SOURCE MATERIAL
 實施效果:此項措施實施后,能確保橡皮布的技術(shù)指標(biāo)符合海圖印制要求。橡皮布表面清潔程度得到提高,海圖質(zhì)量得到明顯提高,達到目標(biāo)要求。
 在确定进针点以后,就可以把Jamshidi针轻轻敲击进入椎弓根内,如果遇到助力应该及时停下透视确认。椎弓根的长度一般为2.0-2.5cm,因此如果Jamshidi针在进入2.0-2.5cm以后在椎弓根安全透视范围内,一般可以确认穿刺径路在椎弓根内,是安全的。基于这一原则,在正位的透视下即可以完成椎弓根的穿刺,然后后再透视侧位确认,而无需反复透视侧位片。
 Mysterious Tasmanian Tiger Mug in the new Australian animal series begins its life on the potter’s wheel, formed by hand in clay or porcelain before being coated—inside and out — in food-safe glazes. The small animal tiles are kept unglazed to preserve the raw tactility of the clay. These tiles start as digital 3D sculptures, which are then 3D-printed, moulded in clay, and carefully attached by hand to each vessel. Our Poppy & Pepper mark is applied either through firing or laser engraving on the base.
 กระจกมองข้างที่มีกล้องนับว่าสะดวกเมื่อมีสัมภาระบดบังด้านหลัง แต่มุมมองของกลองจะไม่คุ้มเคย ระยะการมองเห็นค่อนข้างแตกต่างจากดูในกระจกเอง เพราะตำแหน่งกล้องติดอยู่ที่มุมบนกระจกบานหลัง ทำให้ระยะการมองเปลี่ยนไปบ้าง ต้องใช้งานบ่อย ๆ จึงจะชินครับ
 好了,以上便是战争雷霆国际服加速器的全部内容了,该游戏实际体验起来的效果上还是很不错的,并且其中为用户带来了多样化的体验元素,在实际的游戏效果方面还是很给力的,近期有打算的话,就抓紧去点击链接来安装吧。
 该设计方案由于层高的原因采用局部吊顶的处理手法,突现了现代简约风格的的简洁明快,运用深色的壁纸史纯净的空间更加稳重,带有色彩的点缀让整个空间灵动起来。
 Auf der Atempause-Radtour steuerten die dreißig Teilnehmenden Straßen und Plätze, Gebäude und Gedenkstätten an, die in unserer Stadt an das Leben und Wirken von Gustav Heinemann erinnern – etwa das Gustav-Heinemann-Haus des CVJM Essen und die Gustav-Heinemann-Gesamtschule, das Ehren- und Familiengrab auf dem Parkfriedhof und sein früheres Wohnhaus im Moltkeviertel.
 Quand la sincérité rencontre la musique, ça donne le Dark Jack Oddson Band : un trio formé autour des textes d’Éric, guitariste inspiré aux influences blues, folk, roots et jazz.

* * *

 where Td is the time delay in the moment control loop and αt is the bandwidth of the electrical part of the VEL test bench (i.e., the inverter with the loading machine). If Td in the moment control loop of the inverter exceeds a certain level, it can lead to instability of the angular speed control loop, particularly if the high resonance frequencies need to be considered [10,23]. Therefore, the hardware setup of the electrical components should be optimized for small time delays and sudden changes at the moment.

--

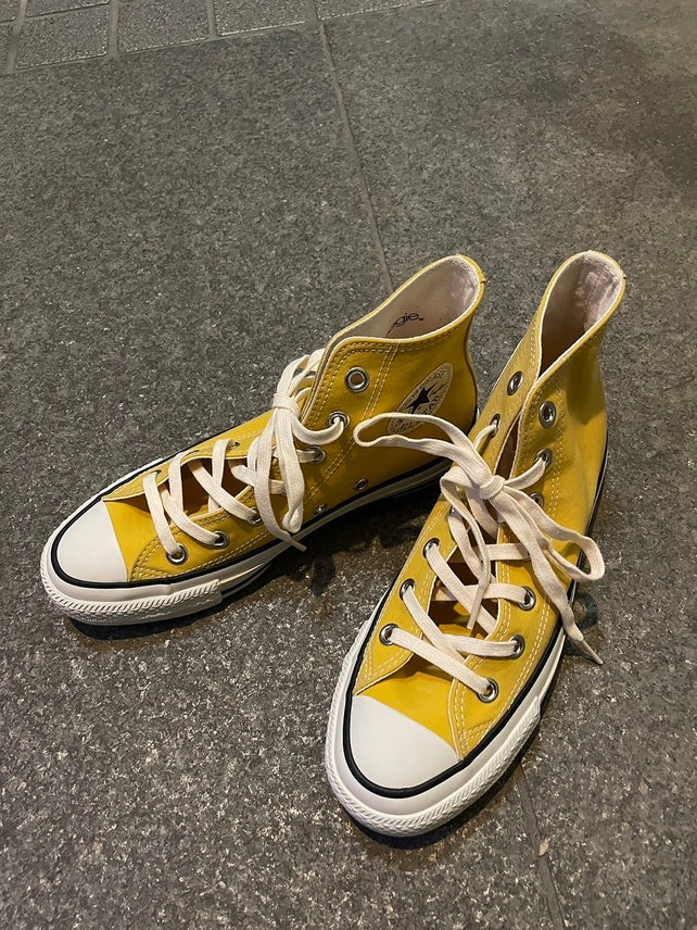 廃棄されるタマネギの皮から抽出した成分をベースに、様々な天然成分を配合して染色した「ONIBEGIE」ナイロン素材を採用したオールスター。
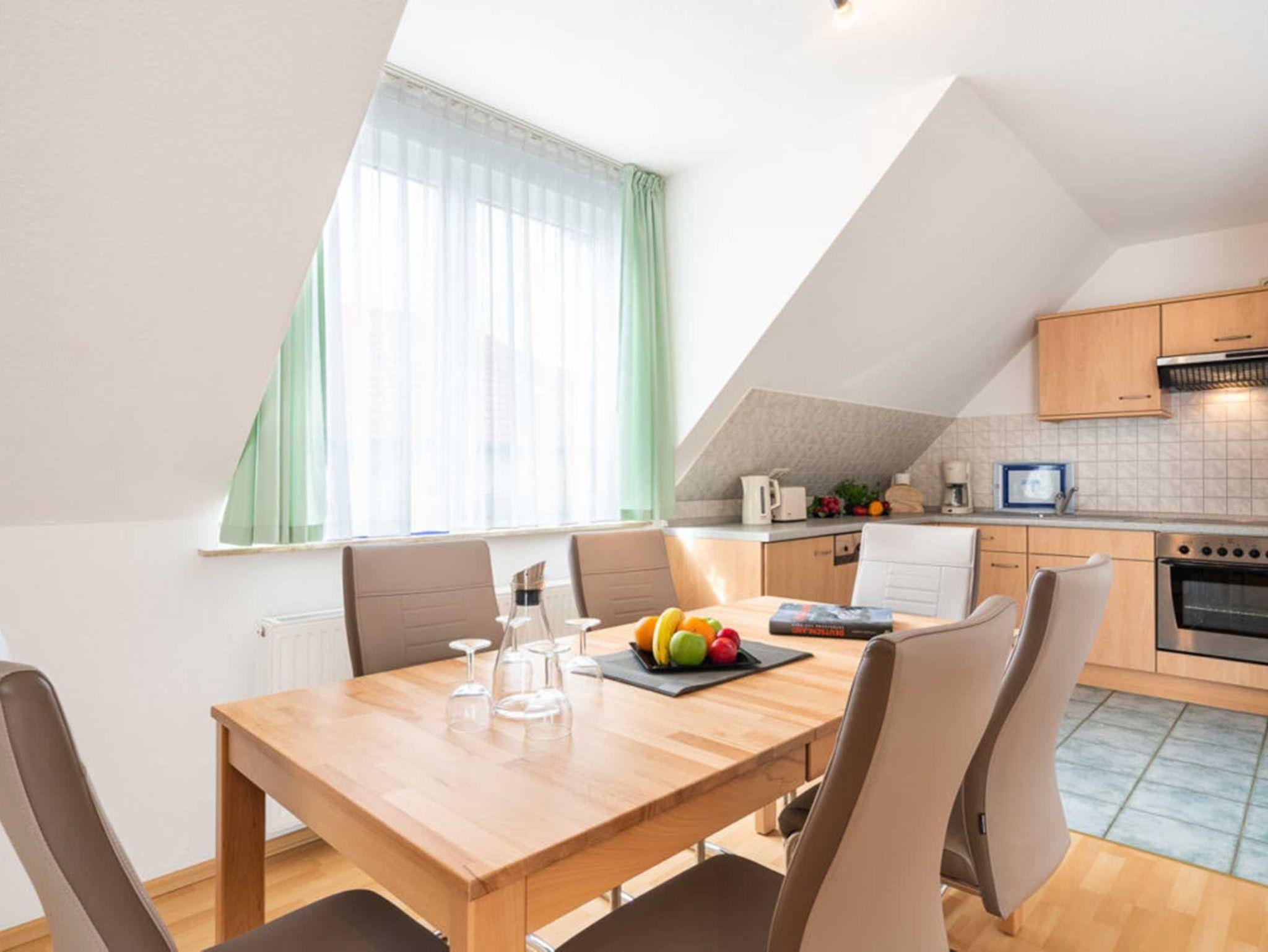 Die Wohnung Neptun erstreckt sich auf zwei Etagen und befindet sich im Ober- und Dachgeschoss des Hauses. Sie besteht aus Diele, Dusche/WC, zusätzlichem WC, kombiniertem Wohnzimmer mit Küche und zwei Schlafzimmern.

TASK DETAILS
Your answer should be each line of the data that contains the word "small", copied as it stands.

EXERCISE SOLUTION
 Mysterious Tasmanian Tiger Mug in the new Australian animal series begins its life on the potter’s wheel, formed by hand in clay or porcelain before being coated—inside and out — in food-safe glazes. The small animal tiles are kept unglazed to preserve the raw tactility of the clay. These tiles start as digital 3D sculptures, which are then 3D-printed, moulded in clay, and carefully attached by hand to each vessel. Our Poppy & Pepper mark is applied either through firing or laser engraving on the base.
 where Td is the time delay in the moment control loop and αt is the bandwidth of the electrical part of the VEL test bench (i.e., the inverter with the loading machine). If Td in the moment control loop of the inverter exceeds a certain level, it can lead to instability of the angular speed control loop, particularly if the high resonance frequencies need to be considered [10,23]. Therefore, the hardware setup of the electrical components should be optimized for small time delays and sudden changes at the moment.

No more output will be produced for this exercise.